• [Material for this exercise]
------------

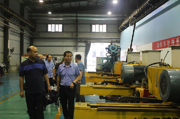 首先,闕足雙隊長一行在公司領導班子的陪同下,參觀了公司各生產車間,實地了解了新研發的智能拖車鉆機組等產品。隨后,雙方在二樓會議室進行交流座談。
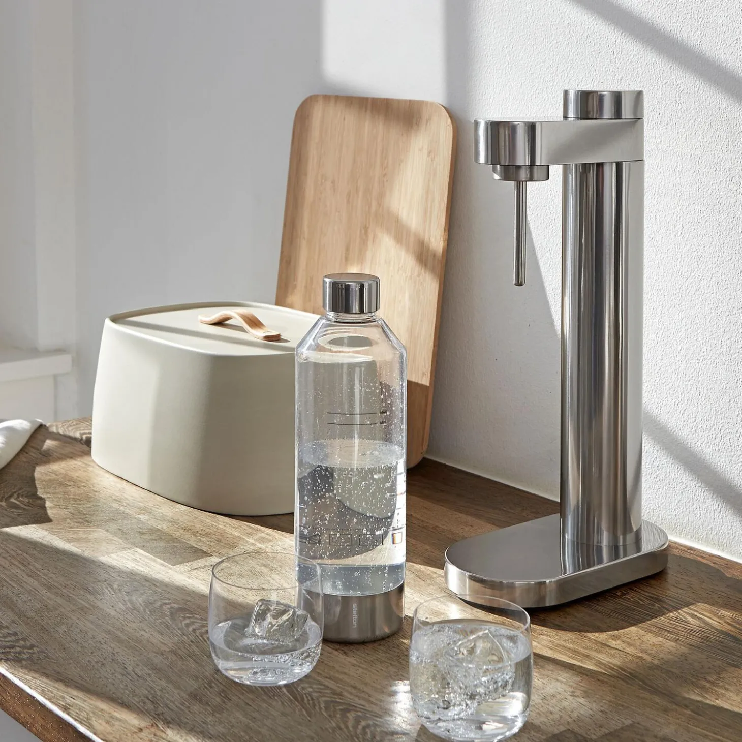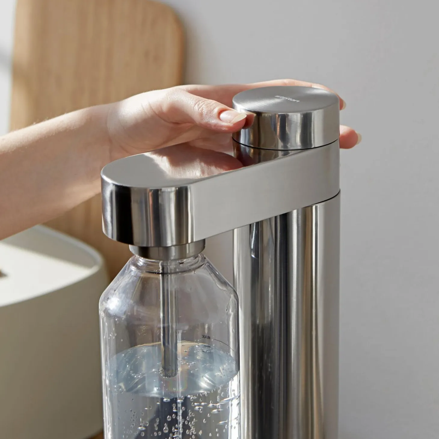 Med Brus kulsyremaskine sparer du miljøet for store mængder af unødigt plast ved at lave din egen danskvand eller sodavand i genanvendelige flasker. Designet af sodavandsmaskinen er så elegant, at du kan glæde dig over at have den stående fremme på køkkenbordet. Designeren bag, Søren Refsgaard er kendt for sit rene funktionelle design, hvor alt overflødigt er skåret væk. Det er Brus et særdeles godt eksempel på. Designet trækker på de cylindriske former, der er klassisk for Steltons design. Den cylindriske form ses først og fremmest i den ultraslanke beholder til kulsyrepatronen og går igen i kulsyreknappen, der intuitivt drejes med uret for at tilpasse mængden af kulsyre og drejes kontra, når flasken skal løsnes fra maskinen. Brus kulsyremaskine leveres med et styk Brus flaske.
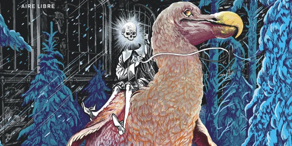 La Tête de mort venue de Suède a reçu le Grand Prix Artémisia 2026 en janvier dernier, un excellent choix, car c’est l’une des bandes dessinées les plus fortes du moment. À la fois audacieuse et patrimoniale, très graphique et dense narrativement, depuis Ornithomaniacs et Le Bestiaire du crépuscule, Daria Schmitt a trouvé sa voix en bande dessinée et La Tête de mort venue de Suède est à ce jour son œuvre la plus aboutie.
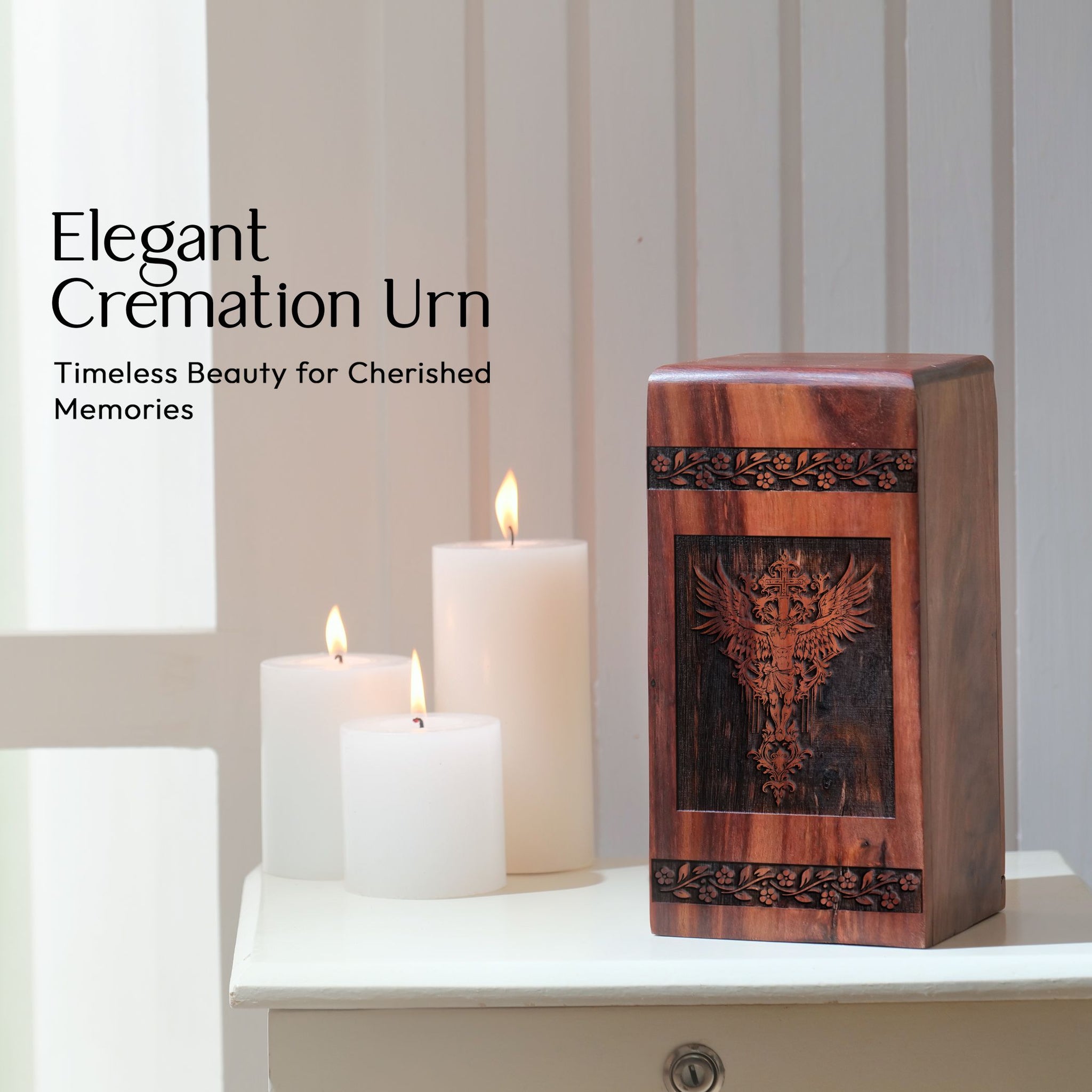 Safeguard your loved ones' last earthly remains with dignity and grace using our charming Jesus Urn. Enunciated for larger needs, this relic of reminiscence elegantly houses the ashes of an adult man or those precious mementos that remind you of mom. Constructed from cultivated wood and artisanally crafted with exceptional attention to detail, this piece presents itself as a unique memento mori. It seamlessly blends with any decor and acts as a comforting presence in your home. Our wood urns go beyond the traditional cremation containers, bringing not only utility but also significance to the grieving process. This thoughtfully-designed urn reverently exudes a timeless dedication to love and faith, making it an exquisite addition to your memorial ceremony supplies. Show your devotion to your lost one with this enduring symbol of respect and remembrance.
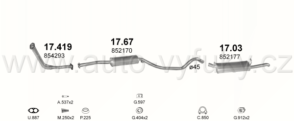 Sběrné potrubí , kód: 17.419 Příklad použití: Opel Ascona 81-88 1.6D, kódy Bosal Walker aj.: 05.078 34.1064 781-919 54.52.01 VL311J 120176 07824...
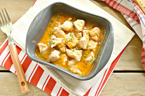 800 г куриного филе, чеснок, черный молотый перец, сушеная зелень петрушки и укропа, растительное масло, соль по вкусу. Из подготовленного промытого филе курицы удалить излишнюю влагу салфеткой, затем нарезать на кусочки, как на гуляш. Чеснок очистить, разделить на дольки, промыть и измельчить. В филе добавить чеснок, перец, соль и зелень. Тушить на растительном масле в течение 25—30 минут. Подать с овощным рагу, украсить петрушкой, ломтиками помидоров.
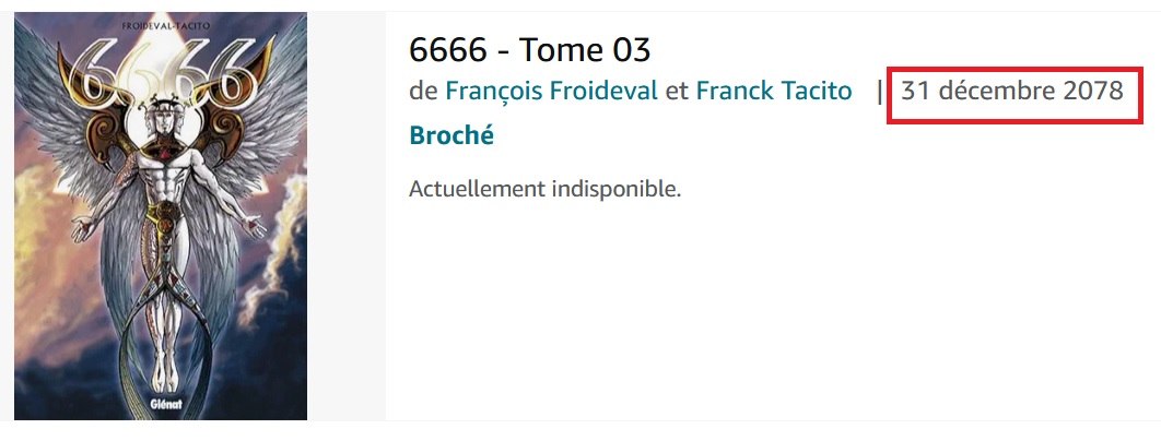 J'ai relu 666 et 6666 pendant les vacances et j'aurai bien aimé avoir la suite de 6666.... Ce Carmody, quelle classe !!!! Je vais faire un tour sur un site marchand et surprise le T3 est annoncé... Par contre à voir la date de parution, je crois qu'on peut attendre....On va se contenter de la couverture....
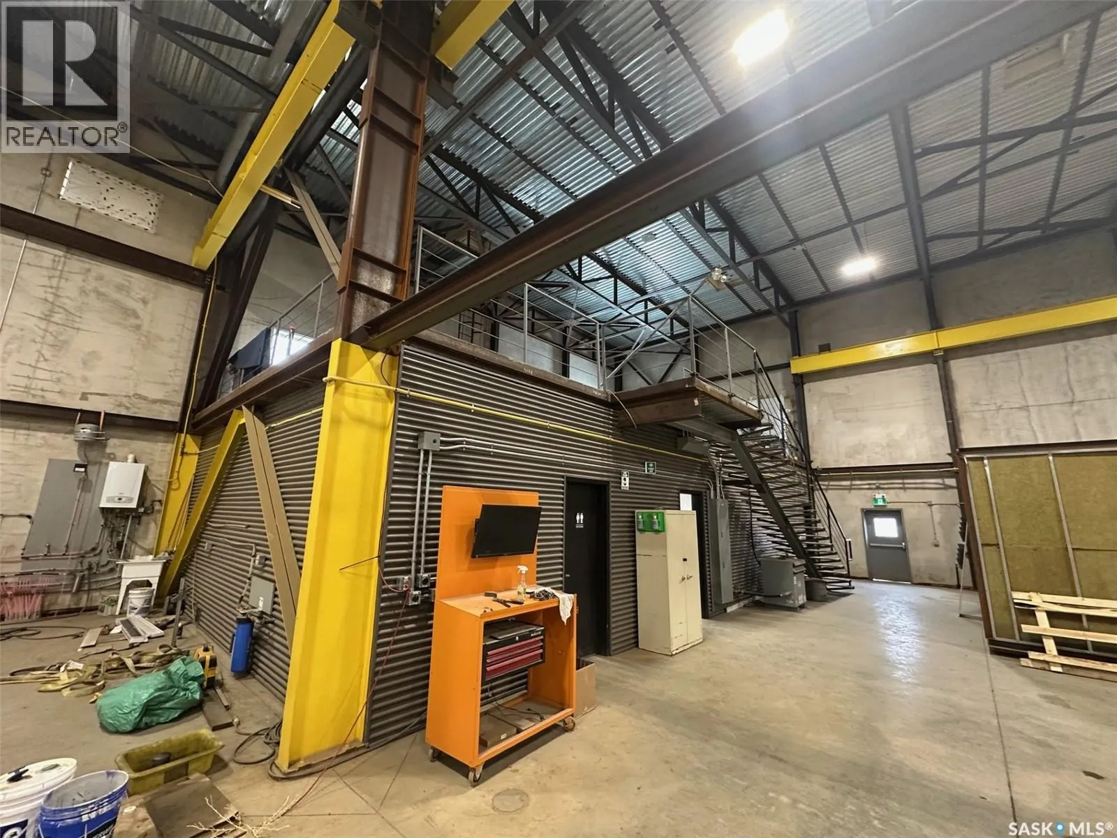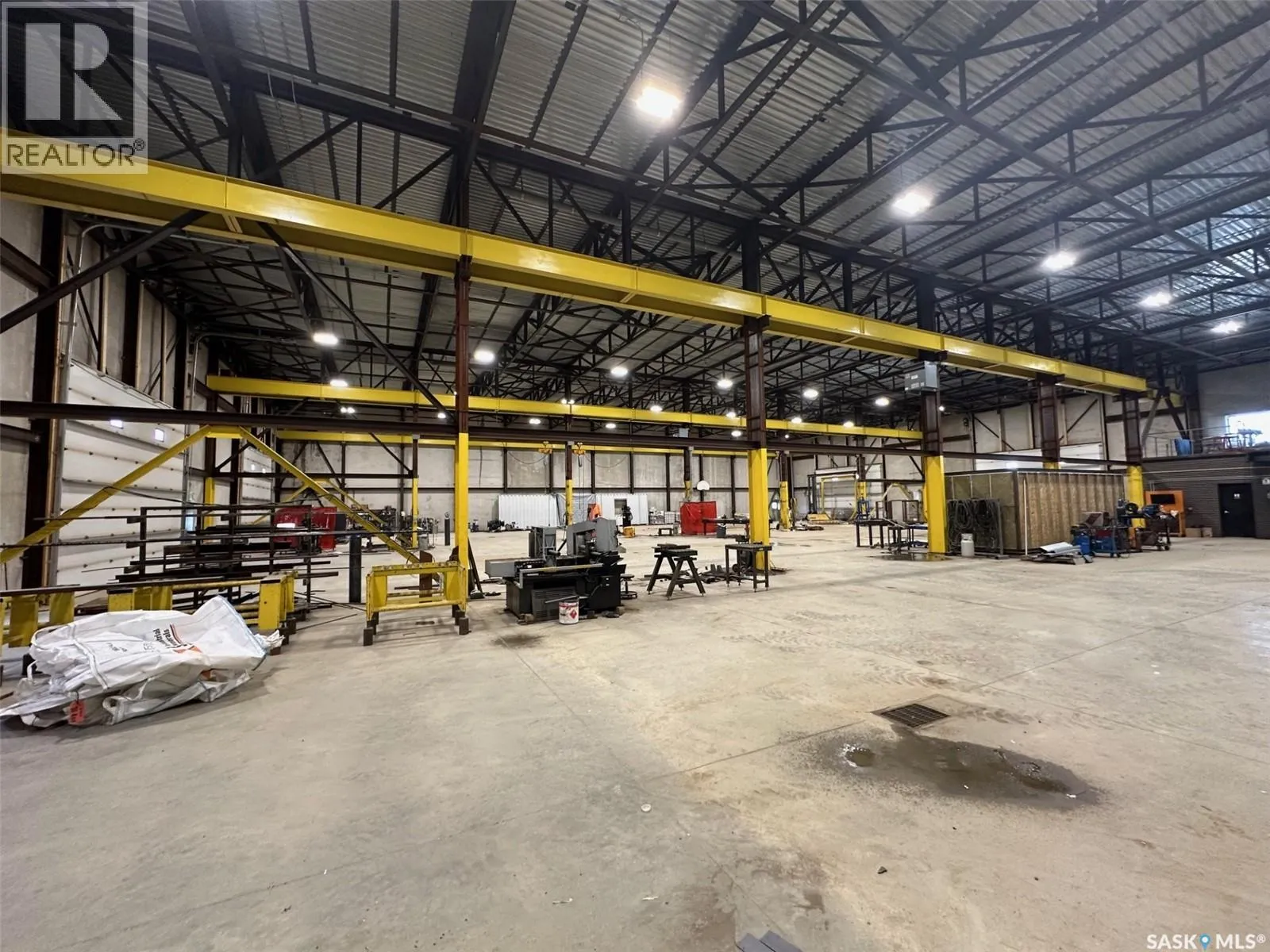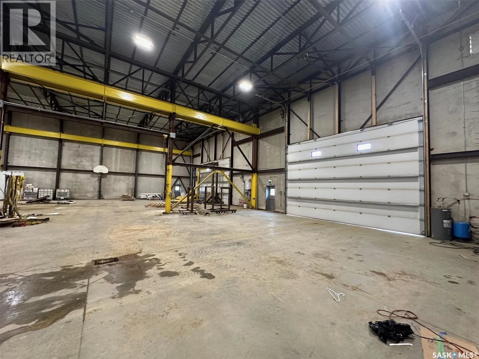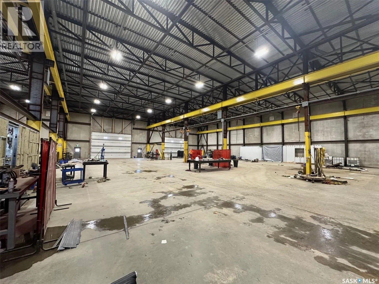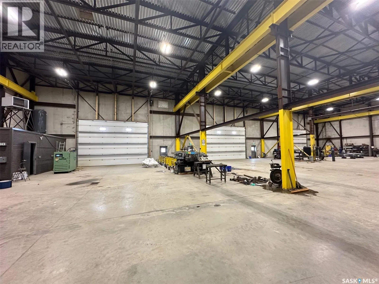 On the hill NW of the #1 and #301 Hwy intersection east of Moose Jaw The Metro Building offers 21,316 sq ft of high-quality industrial space constructed from precast concrete insulated panels, providing exceptional durability, insulation, and long-term performance. Just 5 kms east of Moose Jaw off the #301 Hwy on a hill overlooking the TransCanada Highway. The facility is designed for heavy commercial use with five large drive-through overhead doors, each measuring 24 feet wide by 16 feet high, allowing easy movement of trucks, equipment, and machinery. The building height is 30 feet to the ceiling and 26.5 feet to the bottom of the steel trusses, providing excellent clearance for industrial operations. The interior is equipped with industrial lifting equipment suitable for material handling, LED lighting throughout, and a heavy-load reinforced concrete floor with in-floor heat powered by four boilers. Electrical capacity includes an 800-amp three-phase service to support high-demand users. The building also features a two-part septic system, a cistern for potable water, and an additional cistern designed for water capture. The roof is protected with a sprayed-on rubber membrane for long-term durability. This is a rare opportunity to acquire a large, modern industrial facility with significant clearances, heavy-duty infrastructure, and flexible use potential. (id:27476)
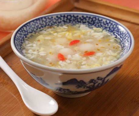 3.將一個(gè)雞蛋去殼打散,潑在滾開(kāi)的水上面,成為蛋花;
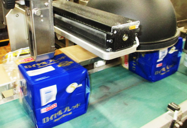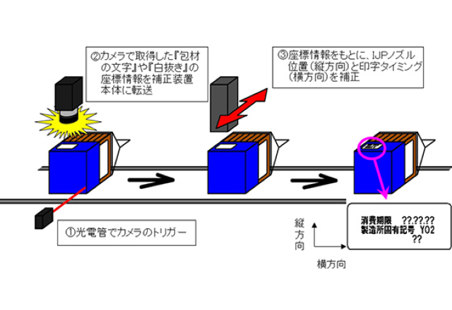 製品表示で欠かせない消費期限表示。この所定の表示位置の中心に印字されないという課題をカメラ技術を活用して改良開発した事例です。光電管でカメラのトリガーモードを起動させ、カメラで取得した「包材の文字」や「白抜き」の座標情報を補正装置本体に転送します。
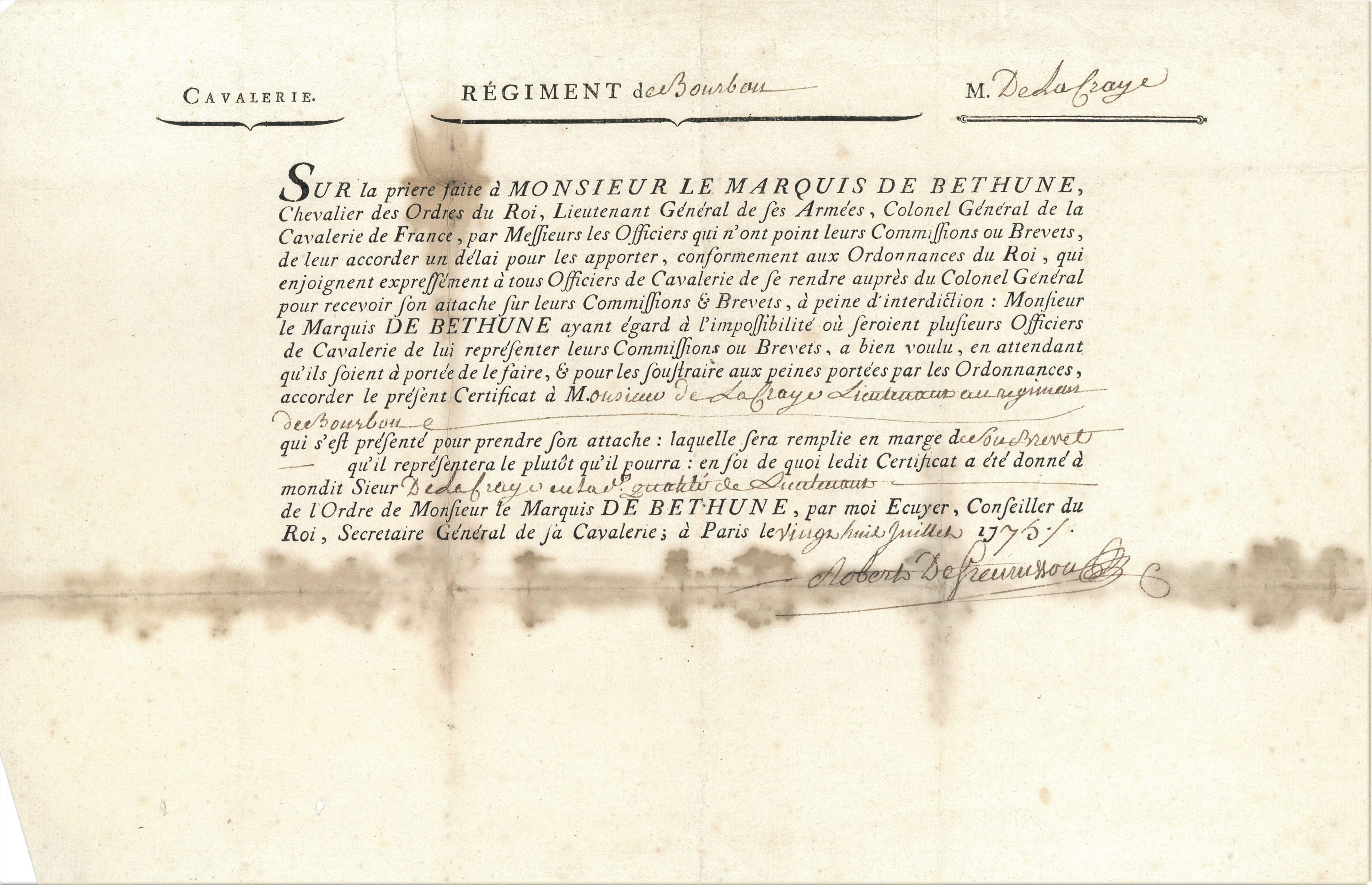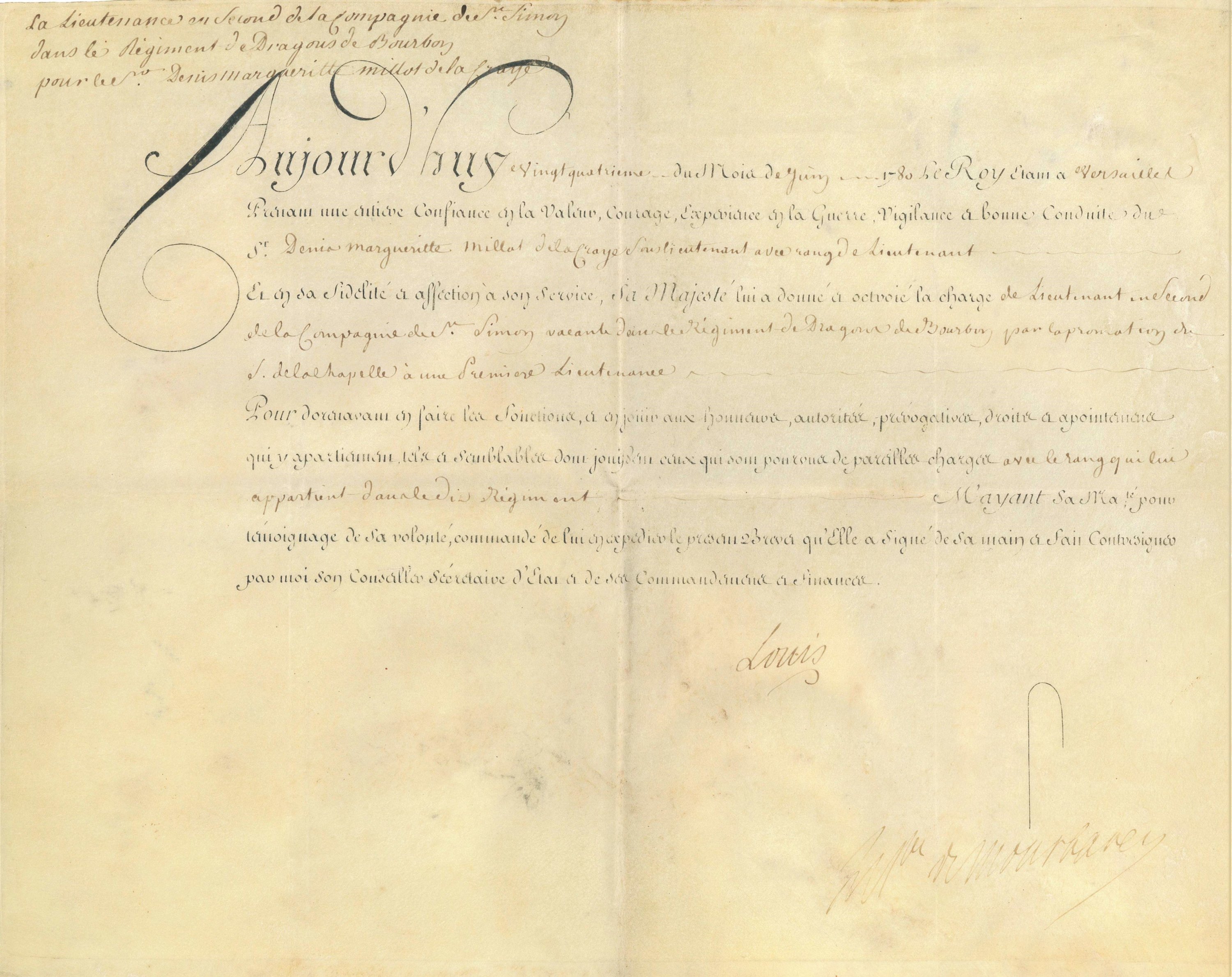 P.S., Versailles, 24 juin 1780, « Louis » et contresignée par le prince de Montbarey, ministre secrétaire détat au département de la Guerre sous Louis XVI, commission de lieutenant en second de la compagnie de Saint Simon dans le régiment de Bourbon-Dragons, 1 page oblong in-fol. en velin, en partie impr.

------------

• [Exercise description] Everything from the line with "製品表示で欠かせない消費期限" through the last line of the listing should be retyped exactly, with both end lines kept and the pictures left out.

• [Answer space]
 製品表示で欠かせない消費期限表示。この所定の表示位置の中心に印字されないという課題をカメラ技術を活用して改良開発した事例です。光電管でカメラのトリガーモードを起動させ、カメラで取得した「包材の文字」や「白抜き」の座標情報を補正装置本体に転送します。
 P.S., Versailles, 24 juin 1780, « Louis » et contresignée par le prince de Montbarey, ministre secrétaire détat au département de la Guerre sous Louis XVI, commission de lieutenant en second de la compagnie de Saint Simon dans le régiment de Bourbon-Dragons, 1 page oblong in-fol. en velin, en partie impr.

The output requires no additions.